José Manuel Ponce (born in Morelia, Michoacán, Mexico) is a Mexican race car driver who participates in extreme rock crawling, desert rock racing, and rallying. He is part Purépecha. Ponce currently owns and is the main driver for World Rally Team based out of Arendal, Norway.

==Rock crawling==
Ponce began participating in off-road racing in 2002 in Mexico at the Ramsey Off Road Challenge events. Ponce introduced the motorsport of professional rock crawling into Mexico by organizing and promoting UROC México in 2006.

In 2006, Ponce became the first Mexican to participate and finish at the UROC (United Rock Crawling and Off Road Challenge) Super Crawl VI Extreme Rock Crawling World Championship held in Phoenix, Arizona, at the Firebird International Raceway.

In 2007, he founded and promoted MXRRA (Mexico Rock Racing Association), an event sanctioned by XRRA, held in Guanajuato, México. During 2007-2009 Ponce also attended various Texas trail runs to continue promotion of his US-sanctioned rock crawling and rock racing events that were held in Mexico.

Ponce co-drove alongside Tore Hansen, Norwegian off road champion, in the Nordic and Euro Trials of Norway in 2007 and 2008, finishing fourth on both occasions.

Ponce and co-driver Johnny Despain placed third in the modified class at the MOROC Rock Race 2009 held in Spring, Texas.

==Rallying==
Ponce participated in the 2008 Rally México, placing 26th from 29 finishers overall, eighth from 11 finishers in class A6, and 2nd in the Reto Peugeot 206 Mexican Class. He was named rookie driver amongst the Mexican teams and awarded the Bernardo Audibert Cup. Ponce had no previous rally experience, and raced in a rental Peugeot 206 XS with street tires.

In 2009, Ponce raced as the first Mexican to ever participate at the VENEZUELA Fun Race, a race held in the amazon jungle in Venezuela. Ponce navigated Team Roberti to a 16th spot of out 200 teams.

In 2010 Ponce returned with co-driver Bill Bridge to race once again at WRC Rally México 2010. He finished 25th from 25 finishers in general classification and a 2nd place from 2 finishers in class A6.
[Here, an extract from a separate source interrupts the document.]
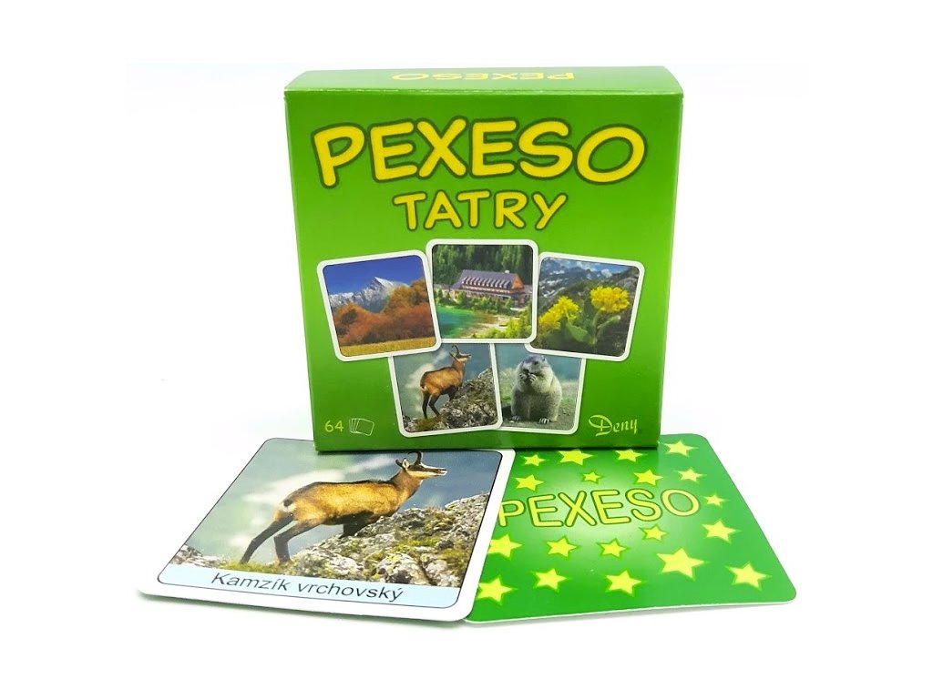 Pexeso TatryPexeso je jednou z najznámejších a najobľúbenejších detských hier. Deti si pri hre precvičujú pamäť, postreh, farby, učia sa trpezlivosti a hre v kolektíve.Pexeso obsahuje 32 dvojíc s rovnakými obrázkami, hra je určená pre 2-4 hráčov. Veľkosť karty: 6,4 x 6,4 cm
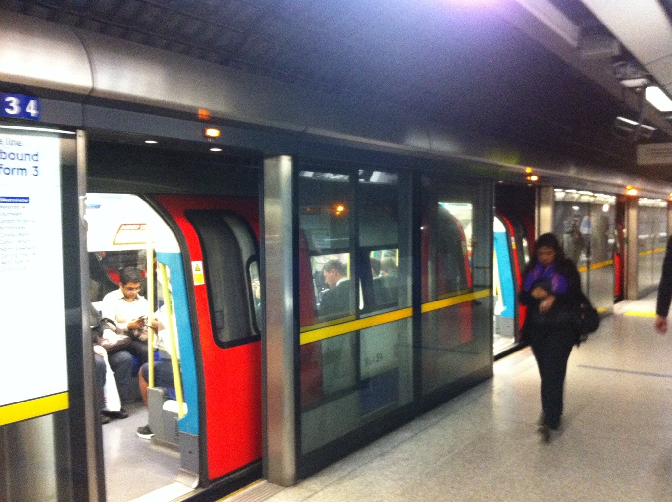 For some reason this is the deepest tube station, some 15 stories down. Access to the platforms is by lifts not escalators, but they do operate very efficiently. I have not been on the Jubilee line (below) and whilst I know it was named after an earlier jubilee of HM, it still seemed appropriate to use it on this occasion.

In 2012, Ponce drove for Team WERK1 along with the Paris Dakar Legend Jutta Kleinschmidt and Michael R. Podlogar at the GORM (German Off Road Masters) 24 hour race in Germany. Ponce raced a total of 14 laps out of 40 for Team WERK1 to place 5th in Class T2 and 16th overall. This was the first time a Mexican American competed in this endurance race known to many as the Nürburgring of off road racing in Germany.

==Desert rock racing==
In 2009, Ponce participated with teammates Heath Catron and Johnny Despain in the last chance qualifier at the King of the Hammers. In, 2010, he tried the LCQ once again with teammate Bill Bridge

In 2011, Ponce along with teammate Dave Gutwillig finished the King of the Hammers, placing 37th out of 100 teams. Ponce was the first Mexican to ever compete in and finish this endurance race. The Ultra 4 race vehicle was built by Dave Gutwillig and sponsored by Javier Ibarra.

==Acting career==
Ponce was discovered in 2011 by Discovery Channel UK after being the first and only Mexican to finish the King of the Hammers and 2 WRC Mexico events with a super low budget. He was selected as one of the finalist to appear in the show One Car Too Far but the producers changed the concept of that show and later offered Ponce a bilingual host spot on another project entitled Brains vs Brawns, but Discovery Channel cancelled that project. After this Ponce took on the stage name Hotrod Ponce as part of his marketing strategy in the film world. All this helped open some doors to new projects and in 2014 he was promoted by some private elite contacts to appear in the UK film, Gatwick Gangsters, where he played the role of an international cartel leader hiding in Norway alongside real life gangsters like Dave Courtney.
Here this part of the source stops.